Learning to notebook

I’ve decided to improve my overall knowledge of machine learning. I work in the data space and while my work thus far has been focused on building the infrastructure to ingest, store and analyze data, it hasn’t covered machine learning. With the current industrial trends in the space, I’d be doing a disservice to myself to not become knowledgeable on the subject.

I am also a sucker for learning new things and being good at using Jupyter notebooks is a good, fun starting point. My goal will be to get to a place where I know enough to understand what is going on with machine learning teams but not to the expertise of a machine learning engineer.

What’s my plan to get there?

I don’t fully have one yet. There’s a lot of material available advising what one should do. For starters, I’m not going to bother with Kaggle. I appreciate Julia Evans’ post on the subject. My superficial understanding, is that doing Kaggle is akin to being good at passing problems on project euler. While they are fun problems to solve, being good at them doesn’t necessarily translate into being good at either programming or machine learning.

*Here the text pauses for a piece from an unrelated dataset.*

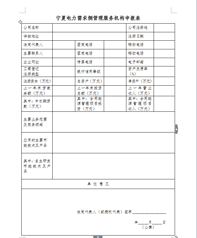 本單位自愿申請參與寧夏電力需求側(cè)管理工作,并承諾所提交的申報材料真實、合法、有效。同意在國家法律法規(guī)范圍內(nèi)披露企業(yè)有關(guān)信用信息。

Instead, I decided to check out what is being taught at my undergrad university. Looking at it, things have really changed in the CS syllabus! When I studied there (2010-2013), machine learning was a part of the AI course and there wasn’t much emphasis on doing any practical work. Now, its a core part of the curriculum!

So, my path is going to be to start with the courses listed below and see how it goes as I’m familiar and comfortable with the Cambridge style of teaching. I especially like the emphasis they are placing on using python notebooks. The order of what I’ll be going through is:

Am I really starting from scratch?

Probably not. I know python well and I got about halfway through Andrew Ng’s course (perhaps I’ll come back to this) years ago though I’ve forgotten most of it. I have also learned a lot of the fundamental maths at play: Linear regression, probability, SVMs and neural networks while I was at university. Though I’ll require a refresher on a lot of these, it’s not the same as learning anew. Overall, I hope to do most of my learning through practical implementation.